◆ **EXERCISE GOAL**:
Using the listing below, copy exactly the lines from the one containing "天宇数字万用表T-33数显万能表自恢复式全保护保险管防烧保护T92" to the one containing "Midi spódnica drobno", both lines included, and no others.

◆ **EXERCISE INPUTS**:
■ ■ ■ ■ ■ ■ ■

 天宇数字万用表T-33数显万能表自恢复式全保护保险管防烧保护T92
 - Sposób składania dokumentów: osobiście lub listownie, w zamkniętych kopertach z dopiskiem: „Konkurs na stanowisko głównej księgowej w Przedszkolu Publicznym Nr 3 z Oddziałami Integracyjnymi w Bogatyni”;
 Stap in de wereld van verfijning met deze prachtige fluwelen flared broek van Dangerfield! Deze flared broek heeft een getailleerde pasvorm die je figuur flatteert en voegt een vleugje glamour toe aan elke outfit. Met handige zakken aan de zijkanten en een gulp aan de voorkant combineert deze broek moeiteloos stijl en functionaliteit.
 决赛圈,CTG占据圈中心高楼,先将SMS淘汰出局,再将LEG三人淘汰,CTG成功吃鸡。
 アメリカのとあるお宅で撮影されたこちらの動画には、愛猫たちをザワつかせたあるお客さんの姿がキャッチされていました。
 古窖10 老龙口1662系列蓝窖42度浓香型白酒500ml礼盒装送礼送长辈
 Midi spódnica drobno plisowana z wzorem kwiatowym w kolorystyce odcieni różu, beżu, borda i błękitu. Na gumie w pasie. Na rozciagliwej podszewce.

■ ■ ■ ■ ■ ■ ■

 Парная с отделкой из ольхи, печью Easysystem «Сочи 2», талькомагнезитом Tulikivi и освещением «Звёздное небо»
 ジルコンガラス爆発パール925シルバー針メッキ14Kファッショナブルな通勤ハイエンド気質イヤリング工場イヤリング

■ ■ ■ ■ ■ ■ ■

◆ **SOLUTION TO THIS PROBLEM**:
 天宇数字万用表T-33数显万能表自恢复式全保护保险管防烧保护T92
 - Sposób składania dokumentów: osobiście lub listownie, w zamkniętych kopertach z dopiskiem: „Konkurs na stanowisko głównej księgowej w Przedszkolu Publicznym Nr 3 z Oddziałami Integracyjnymi w Bogatyni”;
 Stap in de wereld van verfijning met deze prachtige fluwelen flared broek van Dangerfield! Deze flared broek heeft een getailleerde pasvorm die je figuur flatteert en voegt een vleugje glamour toe aan elke outfit. Met handige zakken aan de zijkanten en een gulp aan de voorkant combineert deze broek moeiteloos stijl en functionaliteit.
 决赛圈,CTG占据圈中心高楼,先将SMS淘汰出局,再将LEG三人淘汰,CTG成功吃鸡。
 アメリカのとあるお宅で撮影されたこちらの動画には、愛猫たちをザワつかせたあるお客さんの姿がキャッチされていました。
 古窖10 老龙口1662系列蓝窖42度浓香型白酒500ml礼盒装送礼送长辈
 Midi spódnica drobno plisowana z wzorem kwiatowym w kolorystyce odcieni różu, beżu, borda i błękitu. Na gumie w pasie. Na rozciagliwej podszewce.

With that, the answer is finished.